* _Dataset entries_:

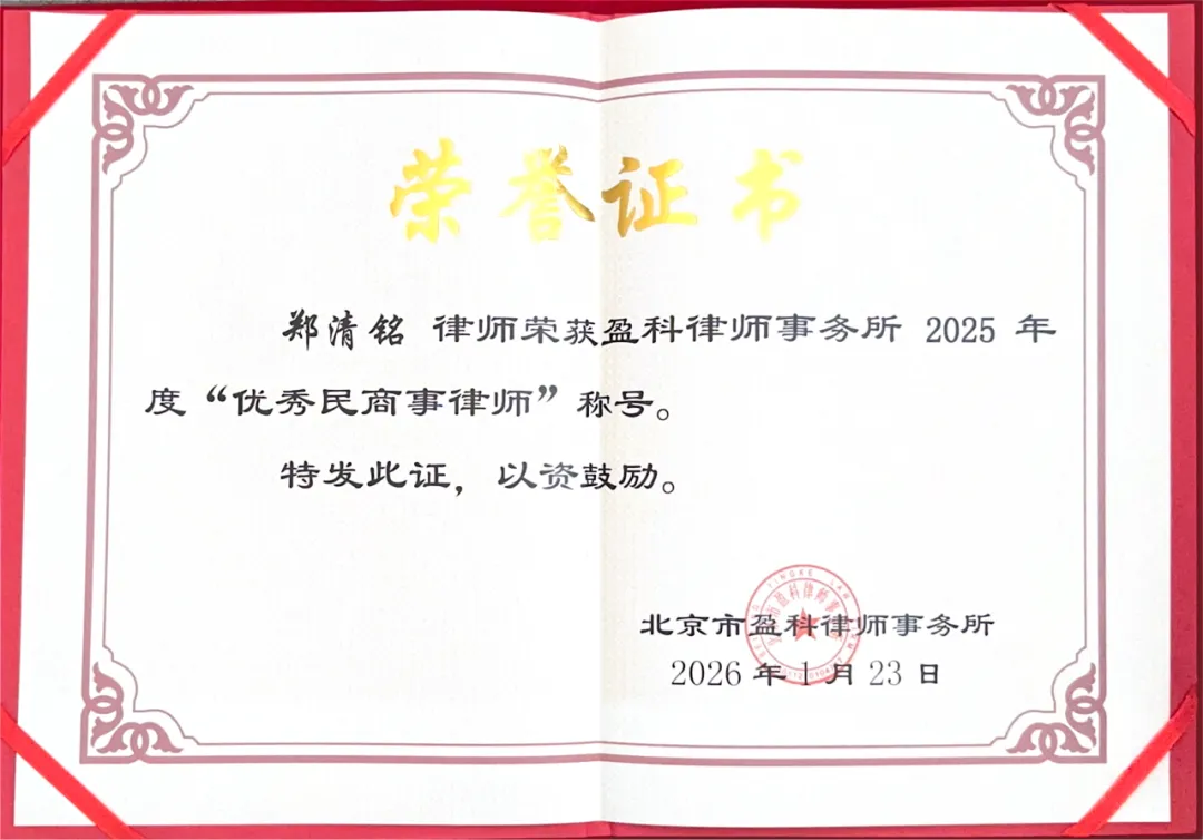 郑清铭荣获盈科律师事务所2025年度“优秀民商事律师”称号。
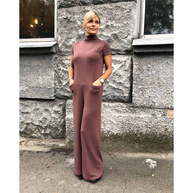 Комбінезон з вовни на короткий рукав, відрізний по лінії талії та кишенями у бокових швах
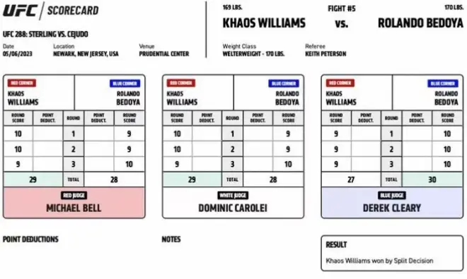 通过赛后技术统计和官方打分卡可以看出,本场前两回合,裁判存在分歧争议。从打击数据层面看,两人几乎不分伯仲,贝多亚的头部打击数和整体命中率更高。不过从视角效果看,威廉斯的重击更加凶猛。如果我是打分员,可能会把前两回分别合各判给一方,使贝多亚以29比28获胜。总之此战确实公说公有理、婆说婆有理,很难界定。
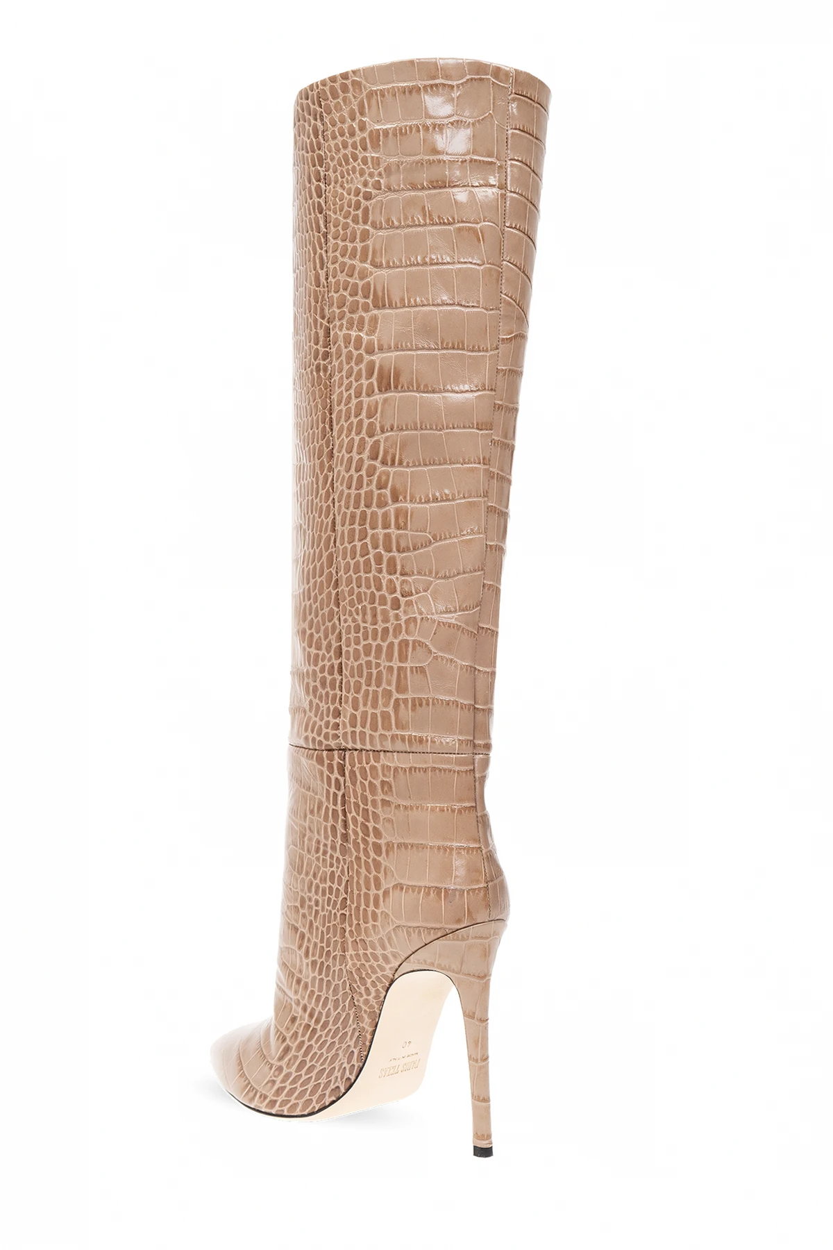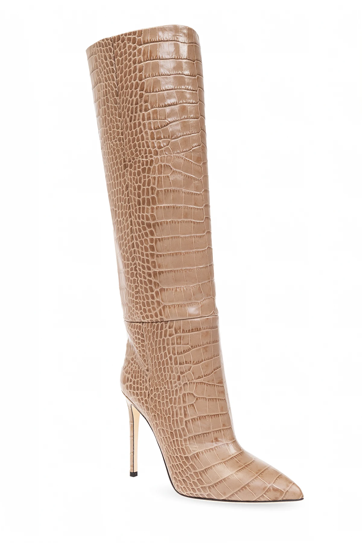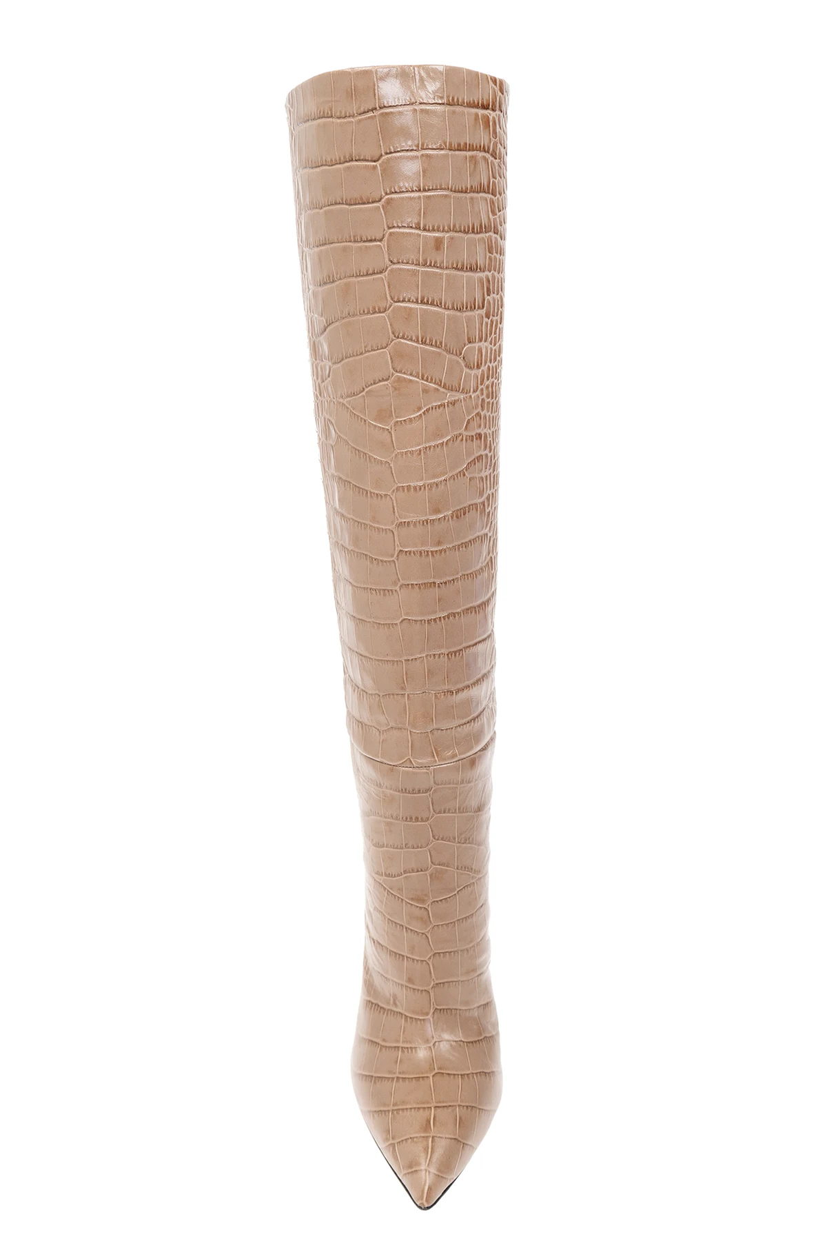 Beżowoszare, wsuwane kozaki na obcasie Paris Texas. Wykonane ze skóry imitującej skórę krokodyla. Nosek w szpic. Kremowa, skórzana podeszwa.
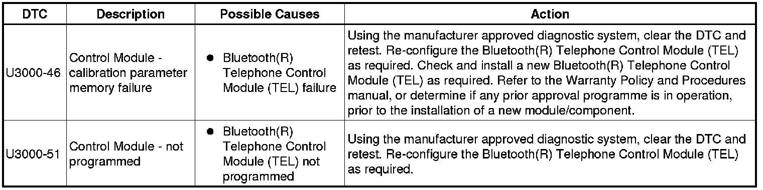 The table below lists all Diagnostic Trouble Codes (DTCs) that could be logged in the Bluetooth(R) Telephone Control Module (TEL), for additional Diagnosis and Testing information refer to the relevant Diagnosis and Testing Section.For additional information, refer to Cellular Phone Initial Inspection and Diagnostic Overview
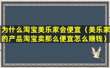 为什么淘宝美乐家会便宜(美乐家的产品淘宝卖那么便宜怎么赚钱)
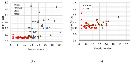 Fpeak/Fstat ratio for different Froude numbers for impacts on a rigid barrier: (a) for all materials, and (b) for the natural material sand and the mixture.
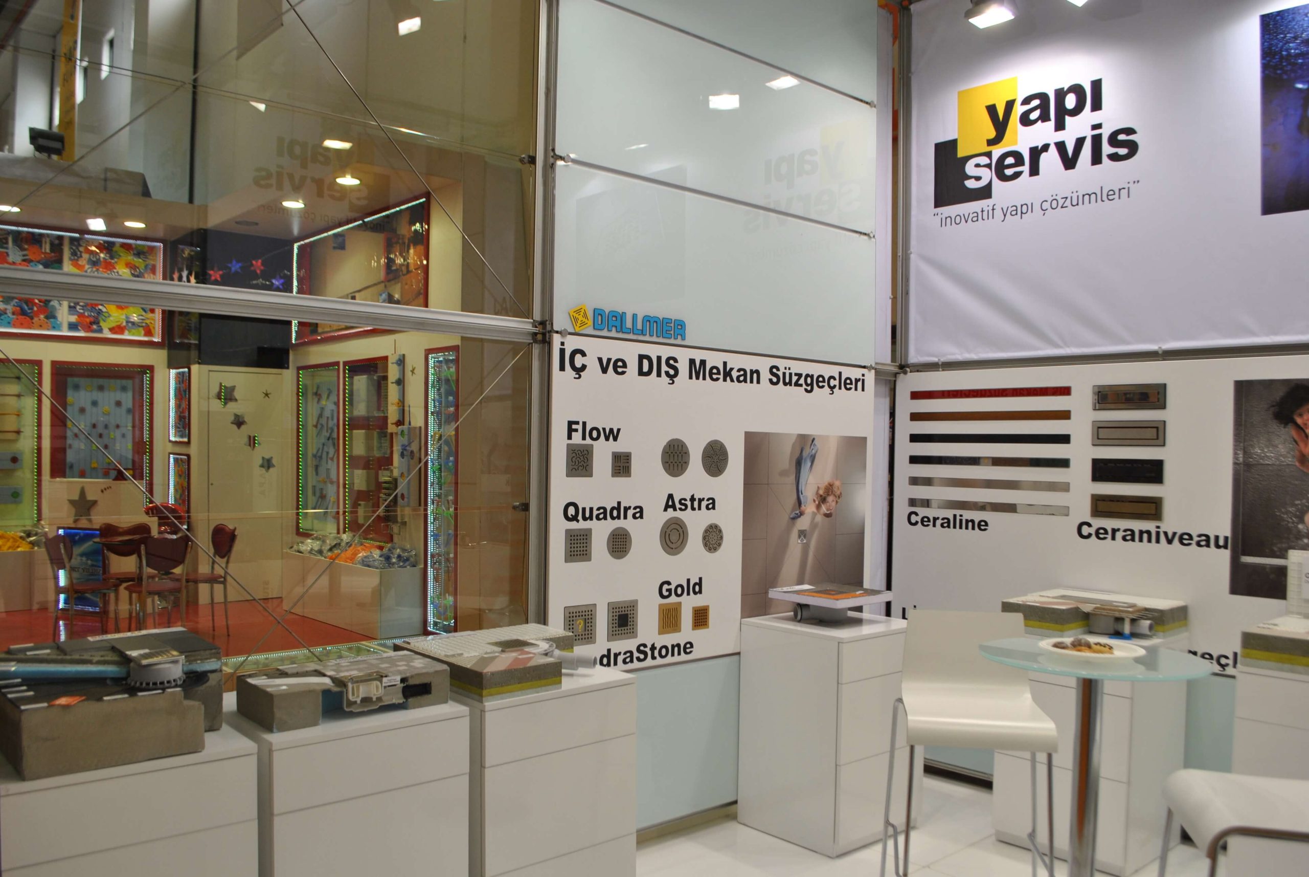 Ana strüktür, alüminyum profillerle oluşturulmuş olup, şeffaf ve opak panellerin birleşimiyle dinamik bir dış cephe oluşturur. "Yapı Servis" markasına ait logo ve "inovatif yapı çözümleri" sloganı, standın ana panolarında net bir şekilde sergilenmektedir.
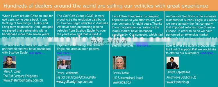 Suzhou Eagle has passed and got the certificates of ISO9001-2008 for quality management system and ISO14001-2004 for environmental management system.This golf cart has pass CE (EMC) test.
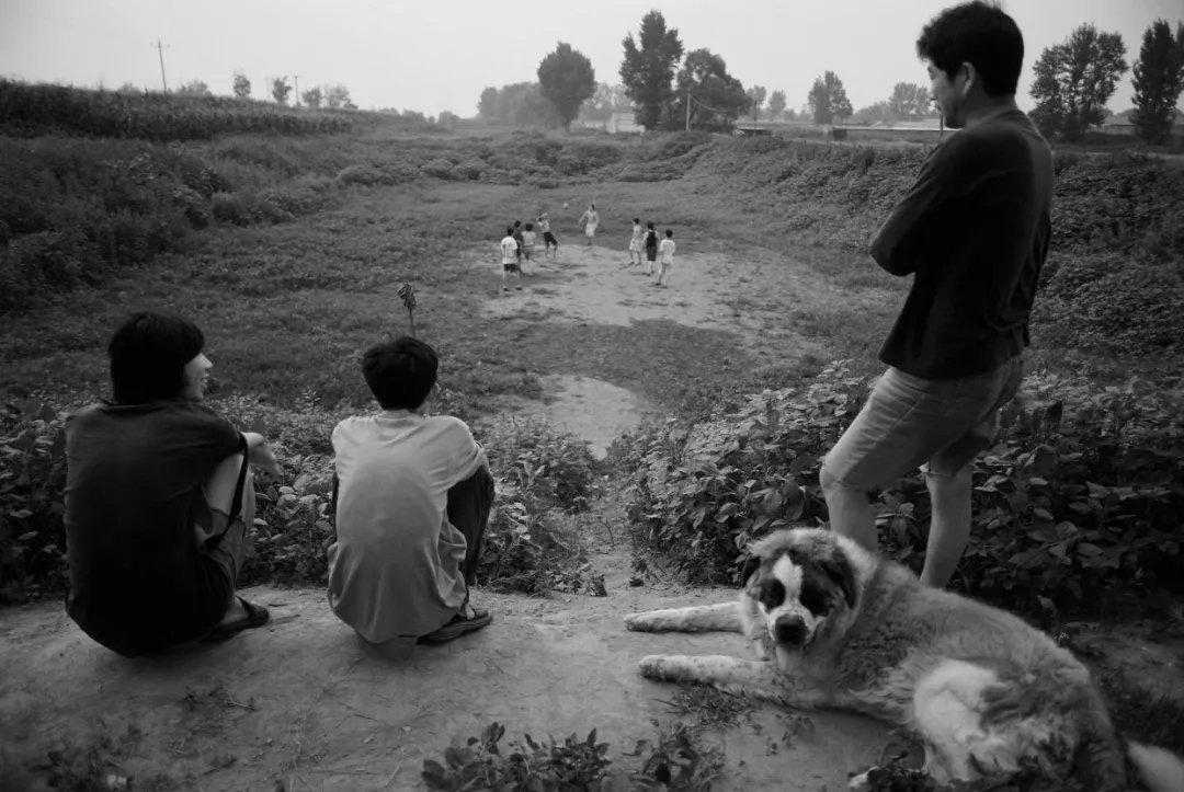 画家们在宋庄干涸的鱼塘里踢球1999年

* _The problem_:
Every entry must be retyped exactly, with the pictures removed.

* _Solution_:
 郑清铭荣获盈科律师事务所2025年度“优秀民商事律师”称号。
 Комбінезон з вовни на короткий рукав, відрізний по лінії талії та кишенями у бокових швах
 通过赛后技术统计和官方打分卡可以看出,本场前两回合,裁判存在分歧争议。从打击数据层面看,两人几乎不分伯仲,贝多亚的头部打击数和整体命中率更高。不过从视角效果看,威廉斯的重击更加凶猛。如果我是打分员,可能会把前两回分别合各判给一方,使贝多亚以29比28获胜。总之此战确实公说公有理、婆说婆有理,很难界定。
 Beżowoszare, wsuwane kozaki na obcasie Paris Texas. Wykonane ze skóry imitującej skórę krokodyla. Nosek w szpic. Kremowa, skórzana podeszwa.
 The table below lists all Diagnostic Trouble Codes (DTCs) that could be logged in the Bluetooth(R) Telephone Control Module (TEL), for additional Diagnosis and Testing information refer to the relevant Diagnosis and Testing Section.For additional information, refer to Cellular Phone Initial Inspection and Diagnostic Overview
 为什么淘宝美乐家会便宜(美乐家的产品淘宝卖那么便宜怎么赚钱)
 Fpeak/Fstat ratio for different Froude numbers for impacts on a rigid barrier: (a) for all materials, and (b) for the natural material sand and the mixture.
 Ana strüktür, alüminyum profillerle oluşturulmuş olup, şeffaf ve opak panellerin birleşimiyle dinamik bir dış cephe oluşturur. "Yapı Servis" markasına ait logo ve "inovatif yapı çözümleri" sloganı, standın ana panolarında net bir şekilde sergilenmektedir.
 Suzhou Eagle has passed and got the certificates of ISO9001-2008 for quality management system and ISO14001-2004 for environmental management system.This golf cart has pass CE (EMC) test.
 画家们在宋庄干涸的鱼塘里踢球1999年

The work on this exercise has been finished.